Monday, January 28, 2008

Africa for dummies

Well, for beginners is actually what my guidebook has to say about Ghana. Amazingly enough Ghana is one of those countries for which there are hardly any guidebooks. My rummaging through the shelves of the dedicated travel bookshop yielded just a single one. There is no Lonely Planet even. There is one for West Africa all lumped together but just Ghana on its own apparently does not draw enough of an audience. I like the idea of going somewhere that is off the beaten tourist track.

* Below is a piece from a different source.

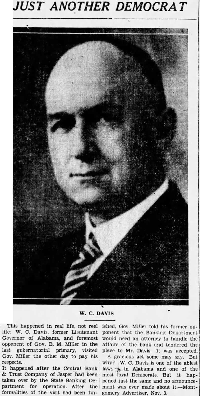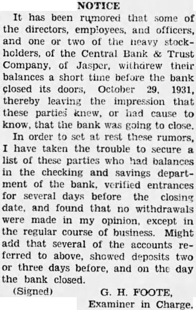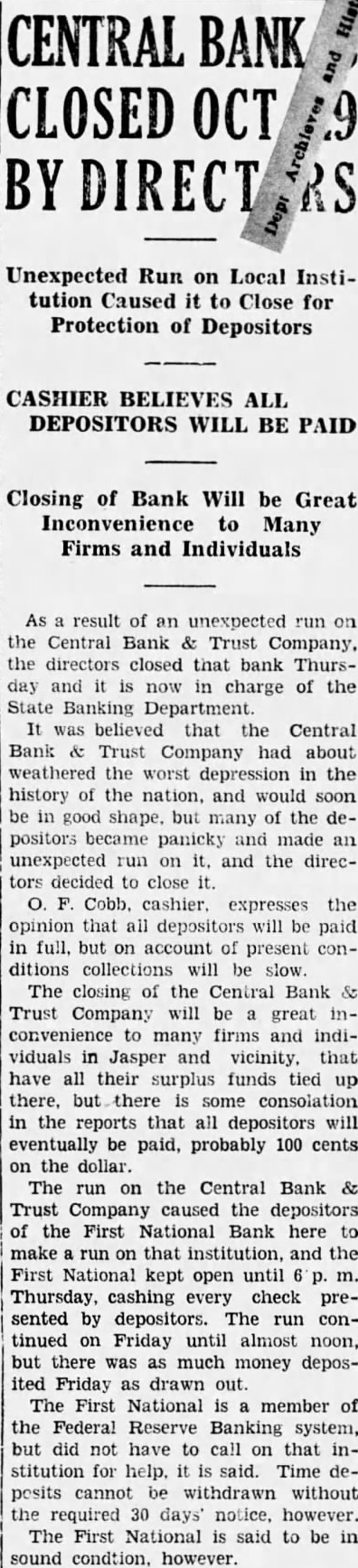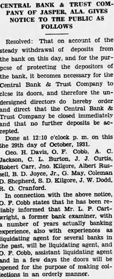 TRUST COMCENTRAL BANK JASPER, ALA. GIVES PANY OF TO THE PUBLIC AS NOTICE FOLLOWS That account of the Resolved: on steady withdrawal of deposits from the bank on this day, and for the purpcse of protecting the depositors of the bank, it becomes necessary for the Central Bank & Trust Company to close its doors, and therefore the undersigned directors do hereby order and direct that the Central Bank & Trust Company be closed immediately and that no further deposits be accepted. Done at 12:10 o'clock p. m. on this the 29th day of October, 1931. Geo. H. Davis, Cobb, A. C. Jackson, C. L. Burton, J. Curtis, Robert Carr, Jno. Kilgore, Albert Russell, B. D. Joyce, Jr., G. May, Coleman D. Shepherd, S. D. Kilgore, W. Dodd, R. Cranford. In connection with the above notice, Cobb states that he has been reliably informed that Mr. L. Cartwright, former bank examiner, with number of years actually banking experience, also with experiences as liquidating agent for several banks in the past, will be liquidating agent, and Cobb, assistant liquidating agent and in a few days the doors will be opened for the purpose of making collections in an orderly manner.

For the sceptics amongst you out there who still think I wasted my money buying yet another guidebook that I will not use: think again. My ticket is booked and I have spent a fair deal of my time this morning getting my visa sorted. Armed with two completed application forms, two identical pictures, two names of referees in Ghana and my passport I showed up at the Ghana High Commission. In the waiting area I was treated to 30 minutes of documentary on the cocao industry. Not very entertaining but it killed time. Once I finally made it to the visa desk I was brusquely rebuffed since my forms were not correct: I had neglected to complete them in CAPITAL letters. Right..., no point in arguing that one so with my tail between my legs I moved away to fill out two new forms. Then of course I had managed to overlook the fact that payments are cash only, something incompatible with my nature as a plastic fantastic girl. Off to the cash point I went and at attempt number three I finally managed to get a stamp on my form. Next week I can pick up my visa.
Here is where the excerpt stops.